Fenton: Elizabeth Fenton Bennett
The Meramec River brought the earliest people to the area, including mound-building American Indians who arrived as early as 2,000 years ago. According to the Fenton Historical Society, the next major wave of settlers came in the 1770s, and William Lindsay Long founded the town in 1818. He named it for his Welsh grandmother, Elizabeth Fenton Bennett.
“Contrary to other popular beliefs, people had thought it was named after the Earl of Fenton, except there is no such person as the Earl of Fenton,” said George Luebbers of the Fenton Historical Society.
A ferry and post office built in 1833 brought even more people to the town, and in 1854 a group of businessmen had the first bridge built across the river.
Long was married to Elizabeth Sappington, sister of Thomas Sappington, who was the original owner of Sappington House in Crestwood.

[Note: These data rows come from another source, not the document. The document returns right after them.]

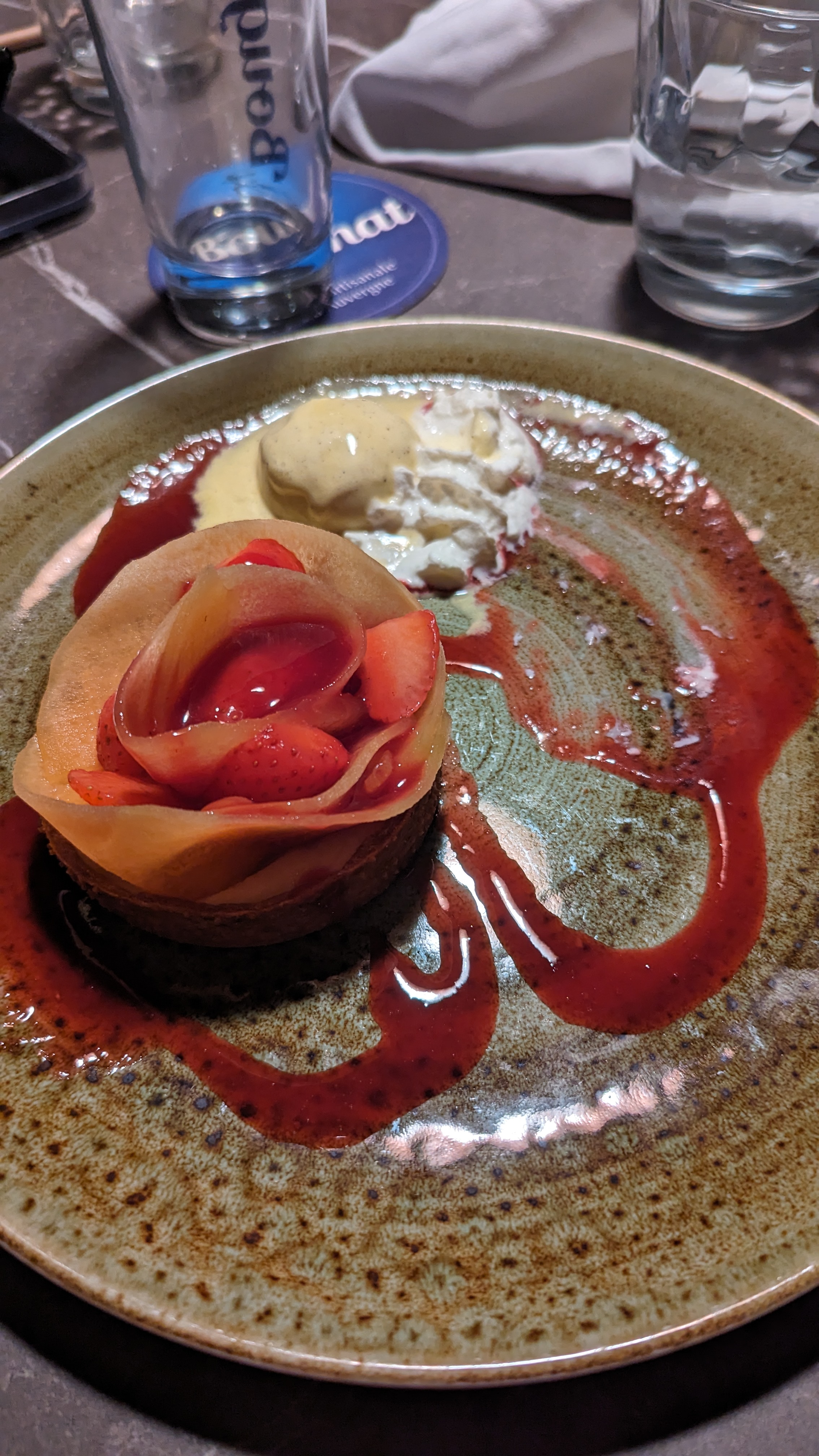Service déplorable, les assiettes sont jeté es sans un mot rien , ou sinon les assiettes fuient sur nos vêtements et le serveur ne s escuse pas malgré nos constations ... ils se permettent d'ouvrir la porte pour les autres tables parce qu'ils ont trop chaud mais les autres tables avaient toujours et nous nous avions tous l air qui nous gelé... c'est vraiment dommage car les plats étaient délicieux et les desserts aussi mais petit bémol le dessert était un peu trop cuit pour moi . Sinon je recommande pour la cuisine mais alors le service pas du tout
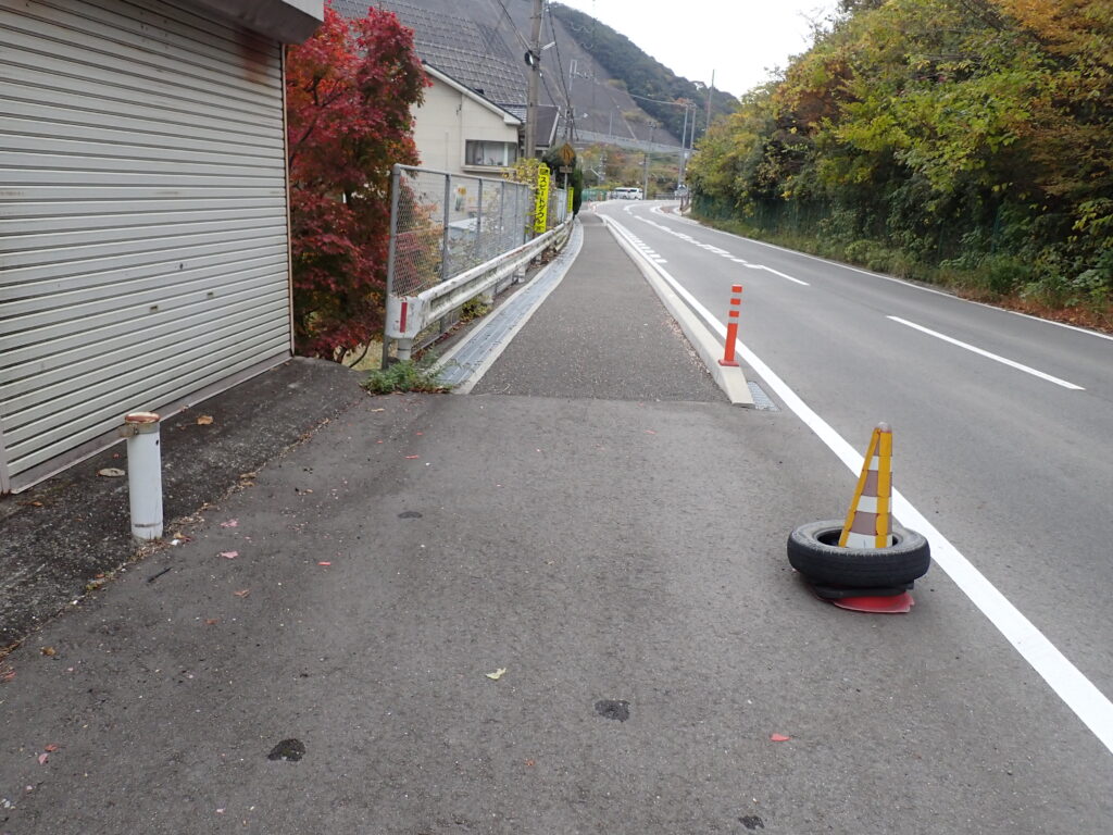 高速の工事中とはこんな場所でダンプがバンバン通り、道狭く生きた心地しなく注意して歩いていたな。
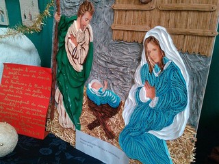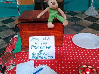 E mentre giriamo nella sala dell’Oratorio veniamo letteralmente rapiti dalle opere dei bambini, ma anche dal grande albero di Natale in materiale riciclato, dal presepe ricavato dalle pagine di libro sapientemente ripiegate da Patrizia, dalla capanna del Bambin Gesù realizzata con pezzi di arnie a simboleggiare l'importante produzione di miele della zona, dal grande trenino elettrico con componenti di oltre 40 anni fa… Insomma: sembra una vera e propria favola realizzata da e per bambini da 0 a 90 anni!
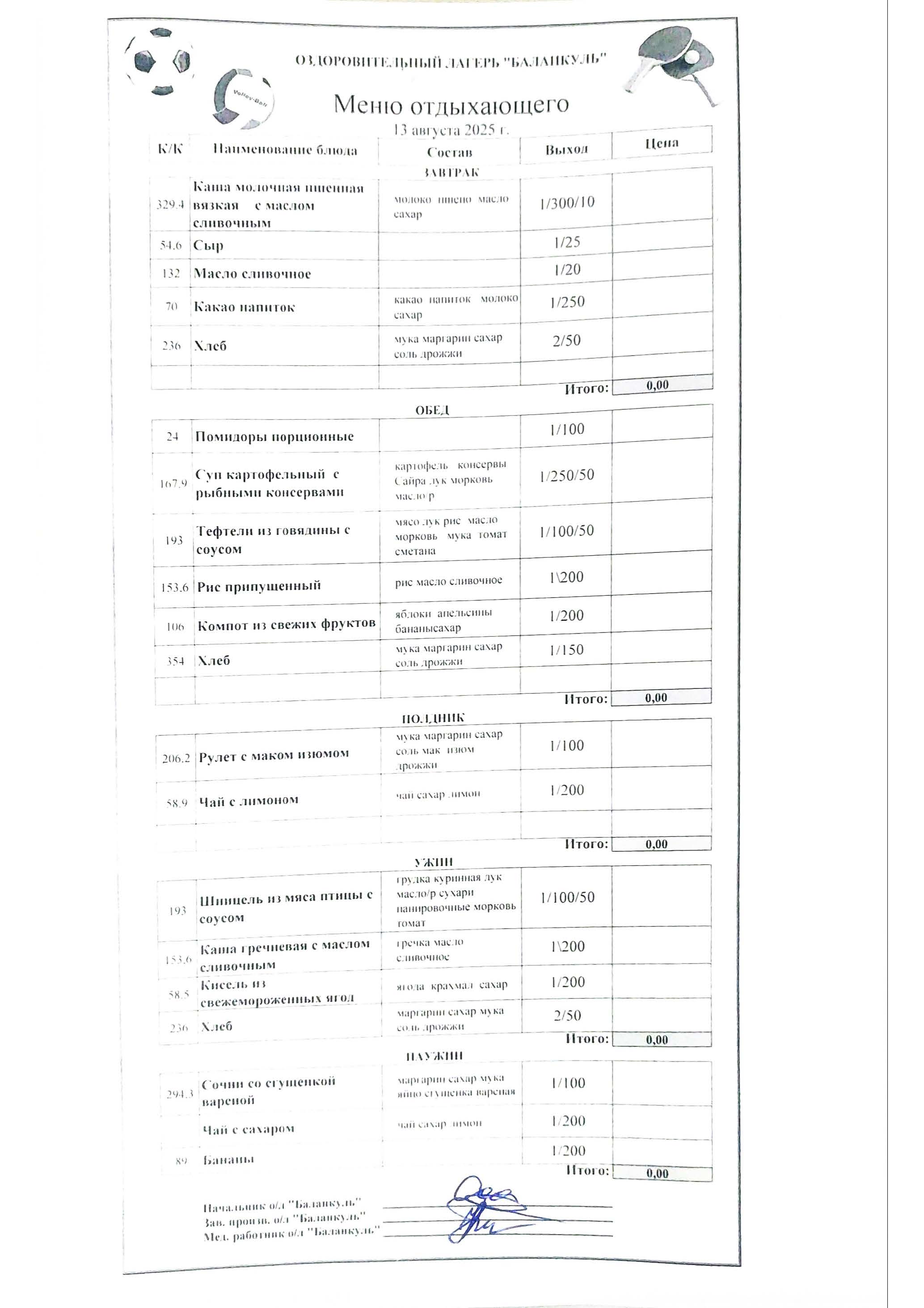 Меню на 13 августа

The Longs also built their first home, known as “White Haven,” which was later owned by Ulysses S. Grant and is now a National Historic Site. Long sold White Haven to move to the new town of Fenton. He later moved back near White Haven, where he built a log home that still stands along Pardee Road and is owned by the county. One of his sons, John Fenton Long, later became a judge and a police chief in St. Louis.
Long is buried in Sappington Cemetery, in the shadow of Route 66 (Watson Road) and an insurance building.
Ferguson: William B. Ferguson
Like Kirkwood, the railroad shaped this St. Louis suburb. William B. Ferguson, who came here from Ohio, bought some land and deeded part of it in 1855 as a right-of-way for the railroad. The caveat? That they name the station after him.
After Ferguson served in the Civil War, he began laying out streets and selling property to farmers. The town grew around it and became more of a St. Louis rail suburb when workers built a spur line linking Ferguson to downtown St. Louis in 1876. The city was incorporated in 1894. Brown only spent about 30 years in Ferguson, and later moved to California, where he died in 1911 at age 97.
Another depot was built about 20 years after the original one, and the building still stands. It was most recently open as a frozen custard shop and restaurant.
Ferguson historian Ruth Brown said that after the Michael Brown shooting in 2014, she got calls from people around the nation asking if the town’s namesake owned slaves. Ferguson did not; he had tenant farmers. “He was a real estate investor. He didn’t do the farming himself. He started the first Presbyterian church that Ferguson had, donated land for it and helped build the little building. He was very interested in civic events. In a growing nation, that was a good idea.”
O’Fallon, Mo., and O’Fallon, Ill.: John O’Fallon
John O’Fallon was such an influential guy he got two metro area towns named after him. He was an Army-captain-turned-whiskey-maker-turned-Missouri-state-representative-turned-bank-president-turned-railroad-president. An overall generous man, he donated land for St. Louis University and Washington University in St. Louis. His country estate became O’Fallon Park in St. Louis.
In the 1850s, brothers Nicholas and Arnold Krekel founded the town in Missouri they named after O’Fallon because his railroad contributed to the city’s growth. Nicholas Krekel’s house still stands, across from city hall and facing the railroad.
O’Fallon, Ill., was first known as O’Fallon Station, named for the railroad that was named after the railroad president. O’Fallon Station was built in 1854, along with a water tank; city lots were platted and sold that year.
John O’Fallon, who was also the nephew of explorer William Clark, died in 1865 and is buried in Bellefontaine Cemetery.